Excerpts from a dataset
Content starts
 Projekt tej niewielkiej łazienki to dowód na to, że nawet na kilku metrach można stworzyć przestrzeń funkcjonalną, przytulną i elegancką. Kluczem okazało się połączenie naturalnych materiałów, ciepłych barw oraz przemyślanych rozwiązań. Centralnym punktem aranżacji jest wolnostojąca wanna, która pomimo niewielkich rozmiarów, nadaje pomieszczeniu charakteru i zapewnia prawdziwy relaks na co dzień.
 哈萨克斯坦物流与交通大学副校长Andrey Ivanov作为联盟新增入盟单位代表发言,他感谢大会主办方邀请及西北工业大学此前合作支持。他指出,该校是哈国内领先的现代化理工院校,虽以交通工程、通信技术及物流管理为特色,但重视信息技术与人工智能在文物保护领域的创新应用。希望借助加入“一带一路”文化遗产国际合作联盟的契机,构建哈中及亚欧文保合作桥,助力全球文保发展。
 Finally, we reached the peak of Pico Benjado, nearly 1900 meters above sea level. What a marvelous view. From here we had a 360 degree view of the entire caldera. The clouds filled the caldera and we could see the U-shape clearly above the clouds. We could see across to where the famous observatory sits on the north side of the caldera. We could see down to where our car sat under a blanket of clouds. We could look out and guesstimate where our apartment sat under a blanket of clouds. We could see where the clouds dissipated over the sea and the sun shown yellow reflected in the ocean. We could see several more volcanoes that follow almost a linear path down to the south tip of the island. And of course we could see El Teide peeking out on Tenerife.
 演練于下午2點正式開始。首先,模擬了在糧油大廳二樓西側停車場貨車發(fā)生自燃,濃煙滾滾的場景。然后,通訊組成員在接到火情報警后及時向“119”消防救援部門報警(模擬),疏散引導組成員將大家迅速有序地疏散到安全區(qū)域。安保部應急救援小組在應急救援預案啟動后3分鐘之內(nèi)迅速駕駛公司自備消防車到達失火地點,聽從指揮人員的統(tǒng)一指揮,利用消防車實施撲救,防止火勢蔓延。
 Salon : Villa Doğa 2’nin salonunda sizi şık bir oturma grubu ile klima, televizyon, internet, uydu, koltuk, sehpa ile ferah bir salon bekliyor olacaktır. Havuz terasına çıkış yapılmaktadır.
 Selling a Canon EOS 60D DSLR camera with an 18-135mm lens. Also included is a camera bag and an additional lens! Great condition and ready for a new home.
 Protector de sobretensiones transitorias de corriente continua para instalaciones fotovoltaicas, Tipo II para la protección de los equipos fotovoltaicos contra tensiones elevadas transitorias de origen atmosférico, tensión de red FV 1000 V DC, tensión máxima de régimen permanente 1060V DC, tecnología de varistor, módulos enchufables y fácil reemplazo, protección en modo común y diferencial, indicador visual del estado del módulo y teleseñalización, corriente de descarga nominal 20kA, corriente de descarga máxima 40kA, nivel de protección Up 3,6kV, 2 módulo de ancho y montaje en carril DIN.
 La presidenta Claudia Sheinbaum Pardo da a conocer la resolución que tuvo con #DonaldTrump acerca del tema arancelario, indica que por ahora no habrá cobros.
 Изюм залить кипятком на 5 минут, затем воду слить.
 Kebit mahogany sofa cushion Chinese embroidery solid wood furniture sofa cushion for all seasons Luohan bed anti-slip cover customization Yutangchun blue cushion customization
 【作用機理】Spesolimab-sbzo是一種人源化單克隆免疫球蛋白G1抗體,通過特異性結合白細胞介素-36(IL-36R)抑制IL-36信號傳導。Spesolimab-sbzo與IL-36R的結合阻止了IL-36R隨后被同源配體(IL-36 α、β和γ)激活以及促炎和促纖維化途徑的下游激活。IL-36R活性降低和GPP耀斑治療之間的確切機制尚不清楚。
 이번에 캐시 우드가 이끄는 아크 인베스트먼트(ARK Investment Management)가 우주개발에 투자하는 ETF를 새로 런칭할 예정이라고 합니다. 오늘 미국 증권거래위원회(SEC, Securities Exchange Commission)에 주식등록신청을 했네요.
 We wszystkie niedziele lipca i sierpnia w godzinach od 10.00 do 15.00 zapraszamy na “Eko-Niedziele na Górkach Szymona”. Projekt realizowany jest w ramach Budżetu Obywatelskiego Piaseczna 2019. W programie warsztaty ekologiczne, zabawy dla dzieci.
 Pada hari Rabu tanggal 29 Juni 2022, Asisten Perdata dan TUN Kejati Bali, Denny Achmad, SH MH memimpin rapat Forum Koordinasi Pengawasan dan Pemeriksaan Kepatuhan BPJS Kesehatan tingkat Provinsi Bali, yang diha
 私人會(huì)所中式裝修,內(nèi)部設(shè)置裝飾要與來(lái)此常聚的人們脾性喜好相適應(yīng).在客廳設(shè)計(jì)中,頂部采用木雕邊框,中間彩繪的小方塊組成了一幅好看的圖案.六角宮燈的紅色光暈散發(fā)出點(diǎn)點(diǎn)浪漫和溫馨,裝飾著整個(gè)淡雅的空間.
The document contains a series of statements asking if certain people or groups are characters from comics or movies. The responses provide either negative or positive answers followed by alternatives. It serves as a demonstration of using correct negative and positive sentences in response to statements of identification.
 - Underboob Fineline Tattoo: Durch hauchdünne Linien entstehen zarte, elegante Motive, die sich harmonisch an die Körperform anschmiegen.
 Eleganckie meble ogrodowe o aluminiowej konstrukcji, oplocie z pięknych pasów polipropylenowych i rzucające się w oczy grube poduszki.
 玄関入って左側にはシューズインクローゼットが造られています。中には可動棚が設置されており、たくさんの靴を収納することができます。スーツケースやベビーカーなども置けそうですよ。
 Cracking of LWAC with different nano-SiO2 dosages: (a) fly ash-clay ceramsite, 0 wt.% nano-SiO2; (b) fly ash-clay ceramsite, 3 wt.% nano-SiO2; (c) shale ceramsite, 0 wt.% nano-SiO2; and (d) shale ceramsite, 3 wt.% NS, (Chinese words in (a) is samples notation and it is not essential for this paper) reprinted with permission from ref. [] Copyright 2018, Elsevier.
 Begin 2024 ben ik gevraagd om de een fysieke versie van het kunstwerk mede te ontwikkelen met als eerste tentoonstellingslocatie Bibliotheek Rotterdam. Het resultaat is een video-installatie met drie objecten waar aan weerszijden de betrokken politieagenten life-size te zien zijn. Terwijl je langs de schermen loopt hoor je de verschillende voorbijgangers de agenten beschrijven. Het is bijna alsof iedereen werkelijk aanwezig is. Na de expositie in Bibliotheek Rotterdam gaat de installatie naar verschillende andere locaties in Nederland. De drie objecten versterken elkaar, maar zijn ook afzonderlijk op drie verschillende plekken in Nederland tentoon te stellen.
Content ends
Exercise goal
Write out, from the lines above, only those from the line with "- Underboob Fineline" to the line with "Eleganckie meble ogrodowe", exactly as given, including the first and the last.

Answer to this problem
 - Underboob Fineline Tattoo: Durch hauchdünne Linien entstehen zarte, elegante Motive, die sich harmonisch an die Körperform anschmiegen.
 Eleganckie meble ogrodowe o aluminiowej konstrukcji, oplocie z pięknych pasów polipropylenowych i rzucające się w oczy grube poduszki.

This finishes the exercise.